[Stored data entries]
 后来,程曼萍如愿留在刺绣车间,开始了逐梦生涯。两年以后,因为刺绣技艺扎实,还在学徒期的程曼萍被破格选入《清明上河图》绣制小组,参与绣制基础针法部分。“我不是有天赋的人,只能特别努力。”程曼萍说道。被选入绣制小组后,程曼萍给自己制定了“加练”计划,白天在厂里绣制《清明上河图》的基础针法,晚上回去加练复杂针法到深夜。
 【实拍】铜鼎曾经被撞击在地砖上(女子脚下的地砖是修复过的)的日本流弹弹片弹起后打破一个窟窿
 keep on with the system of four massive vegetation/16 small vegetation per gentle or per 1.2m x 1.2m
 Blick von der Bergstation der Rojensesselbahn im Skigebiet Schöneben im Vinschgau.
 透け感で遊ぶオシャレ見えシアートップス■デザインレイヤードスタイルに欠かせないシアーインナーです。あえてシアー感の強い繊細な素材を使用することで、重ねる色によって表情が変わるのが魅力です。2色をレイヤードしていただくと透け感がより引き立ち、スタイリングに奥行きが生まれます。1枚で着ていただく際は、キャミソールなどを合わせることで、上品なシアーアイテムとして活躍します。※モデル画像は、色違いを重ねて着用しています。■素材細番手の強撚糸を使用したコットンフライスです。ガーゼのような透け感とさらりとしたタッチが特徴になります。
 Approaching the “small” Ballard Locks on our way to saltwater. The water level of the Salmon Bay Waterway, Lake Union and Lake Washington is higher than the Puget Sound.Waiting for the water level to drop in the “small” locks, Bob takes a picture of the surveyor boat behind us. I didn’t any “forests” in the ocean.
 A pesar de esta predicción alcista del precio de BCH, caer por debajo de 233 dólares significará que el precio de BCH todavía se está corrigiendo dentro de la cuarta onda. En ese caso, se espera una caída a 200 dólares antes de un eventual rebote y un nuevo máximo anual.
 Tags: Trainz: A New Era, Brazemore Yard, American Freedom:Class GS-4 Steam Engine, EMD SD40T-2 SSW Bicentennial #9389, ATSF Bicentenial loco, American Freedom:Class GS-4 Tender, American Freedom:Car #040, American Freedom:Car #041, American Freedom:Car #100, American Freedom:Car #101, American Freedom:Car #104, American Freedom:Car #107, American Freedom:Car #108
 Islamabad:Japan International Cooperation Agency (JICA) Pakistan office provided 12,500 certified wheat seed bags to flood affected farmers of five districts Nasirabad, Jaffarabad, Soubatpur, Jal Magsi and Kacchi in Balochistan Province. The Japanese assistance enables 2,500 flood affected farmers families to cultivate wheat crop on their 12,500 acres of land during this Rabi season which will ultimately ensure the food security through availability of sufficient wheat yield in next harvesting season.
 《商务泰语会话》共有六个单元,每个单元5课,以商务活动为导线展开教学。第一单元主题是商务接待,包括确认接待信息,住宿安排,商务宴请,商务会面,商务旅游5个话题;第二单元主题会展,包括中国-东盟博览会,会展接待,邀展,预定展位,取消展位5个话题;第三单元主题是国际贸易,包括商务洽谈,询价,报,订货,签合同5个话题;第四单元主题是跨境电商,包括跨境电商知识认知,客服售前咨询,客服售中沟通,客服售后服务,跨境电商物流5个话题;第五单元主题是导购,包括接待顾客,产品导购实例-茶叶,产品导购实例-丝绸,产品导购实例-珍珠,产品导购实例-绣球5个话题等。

**WORK INSTRUCTIONS**
Take the line above containing "透け感で遊ぶオシャレ見えシア", the line containing "Tags: Trainz: A", and all lines in between, and copy them exactly without anything else.

**RESPONSE**
 透け感で遊ぶオシャレ見えシアートップス■デザインレイヤードスタイルに欠かせないシアーインナーです。あえてシアー感の強い繊細な素材を使用することで、重ねる色によって表情が変わるのが魅力です。2色をレイヤードしていただくと透け感がより引き立ち、スタイリングに奥行きが生まれます。1枚で着ていただく際は、キャミソールなどを合わせることで、上品なシアーアイテムとして活躍します。※モデル画像は、色違いを重ねて着用しています。■素材細番手の強撚糸を使用したコットンフライスです。ガーゼのような透け感とさらりとしたタッチが特徴になります。
 Approaching the “small” Ballard Locks on our way to saltwater. The water level of the Salmon Bay Waterway, Lake Union and Lake Washington is higher than the Puget Sound.Waiting for the water level to drop in the “small” locks, Bob takes a picture of the surveyor boat behind us. I didn’t any “forests” in the ocean.
 A pesar de esta predicción alcista del precio de BCH, caer por debajo de 233 dólares significará que el precio de BCH todavía se está corrigiendo dentro de la cuarta onda. En ese caso, se espera una caída a 200 dólares antes de un eventual rebote y un nuevo máximo anual.
 Tags: Trainz: A New Era, Brazemore Yard, American Freedom:Class GS-4 Steam Engine, EMD SD40T-2 SSW Bicentennial #9389, ATSF Bicentenial loco, American Freedom:Class GS-4 Tender, American Freedom:Car #040, American Freedom:Car #041, American Freedom:Car #100, American Freedom:Car #101, American Freedom:Car #104, American Freedom:Car #107, American Freedom:Car #108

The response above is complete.